Joe Kalicki

Reflection #2

The process of writing on clay presents some interesting differences in the way we produce content in an era of highly and rapidly manipulatable computer interfaces. For example, writing on a difficult to work surface leads to much more deliberate writing. You must fully think out the sentence you are preparing to write, decide whether or not the adjectives and "unnecessary" words are worth including, and then you must actually write letter by letter, making sure that you don't mess up, because repairing a writing surface isn't exactly as easy as backspacing. It's evident that certain genres of writing could not have existed until manual typewriters. It's no surprise that free-flowing forms of literature like the stream-of-consciousness writers in the 1960s didn't exist until their electric typewriters became widely used. Presentation is another important factor when working within limited space. It's efficient to go point-by-point, eliminating linking words and basically communicating in a purely informative, informational manner, quite the utilitarian approach in comparison to the artsy, free flowing manner in which we are often taught to write (or at least praised for) in many of our English classes.

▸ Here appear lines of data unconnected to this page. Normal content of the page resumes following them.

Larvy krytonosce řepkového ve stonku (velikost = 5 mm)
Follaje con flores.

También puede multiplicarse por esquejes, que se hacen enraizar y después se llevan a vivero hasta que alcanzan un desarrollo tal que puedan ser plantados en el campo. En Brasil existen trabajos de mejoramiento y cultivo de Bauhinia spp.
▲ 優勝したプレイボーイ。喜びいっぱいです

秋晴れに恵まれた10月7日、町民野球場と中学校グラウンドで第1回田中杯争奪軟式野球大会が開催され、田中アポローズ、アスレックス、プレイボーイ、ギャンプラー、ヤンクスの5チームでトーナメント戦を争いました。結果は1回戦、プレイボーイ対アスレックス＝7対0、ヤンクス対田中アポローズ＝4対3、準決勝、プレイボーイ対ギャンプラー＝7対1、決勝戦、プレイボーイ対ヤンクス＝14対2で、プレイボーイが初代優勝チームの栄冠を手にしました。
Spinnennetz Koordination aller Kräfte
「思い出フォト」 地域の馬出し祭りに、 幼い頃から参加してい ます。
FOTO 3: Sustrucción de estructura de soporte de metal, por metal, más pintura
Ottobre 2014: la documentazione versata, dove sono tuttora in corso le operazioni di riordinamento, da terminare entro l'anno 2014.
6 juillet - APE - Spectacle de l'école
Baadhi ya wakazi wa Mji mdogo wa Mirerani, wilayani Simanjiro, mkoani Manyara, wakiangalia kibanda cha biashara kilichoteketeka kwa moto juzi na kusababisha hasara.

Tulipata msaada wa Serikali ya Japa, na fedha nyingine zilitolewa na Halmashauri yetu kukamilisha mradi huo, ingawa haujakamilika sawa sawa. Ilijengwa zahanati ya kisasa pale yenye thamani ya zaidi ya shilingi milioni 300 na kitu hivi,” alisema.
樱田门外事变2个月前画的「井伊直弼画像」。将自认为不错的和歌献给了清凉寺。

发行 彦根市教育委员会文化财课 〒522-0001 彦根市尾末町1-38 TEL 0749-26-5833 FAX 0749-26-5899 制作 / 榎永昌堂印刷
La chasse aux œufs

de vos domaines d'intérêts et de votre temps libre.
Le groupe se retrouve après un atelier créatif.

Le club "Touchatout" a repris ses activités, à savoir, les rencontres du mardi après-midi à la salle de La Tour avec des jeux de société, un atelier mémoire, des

But I believe this efficiency points out something about rhetoric and I believe it’s summed up into one word, “calculation”. Calculation is key in writing effective rhetoric. You must reflect upon the connotative and denotative meanings of every word and review it in context of the sentences. There are so many places to tighten up the information you desire to deliver and because of our ability for infinite letters and infinite paper (digital or real), we often don’t choose the direct path, we prefer to meander and explore tangential areas. This is not a luxury a writer in the time of Plato or Aristotle had. And it’s probably why much of their writing sounds blunt or cold. Alas, it’s also the reason why they often distilled concepts down into single terms (e.g. kairos, catharsis, etc.). You needn’t waste space explaining everything when terms are established and condensed into a phrase or word. I feel like the activity also exposed the usefulness of symbolic language (or literal symbols). The implications of directions, for example, requires the use of implied terms like “up the hill”, “around the corner”, or literal left or right arrows.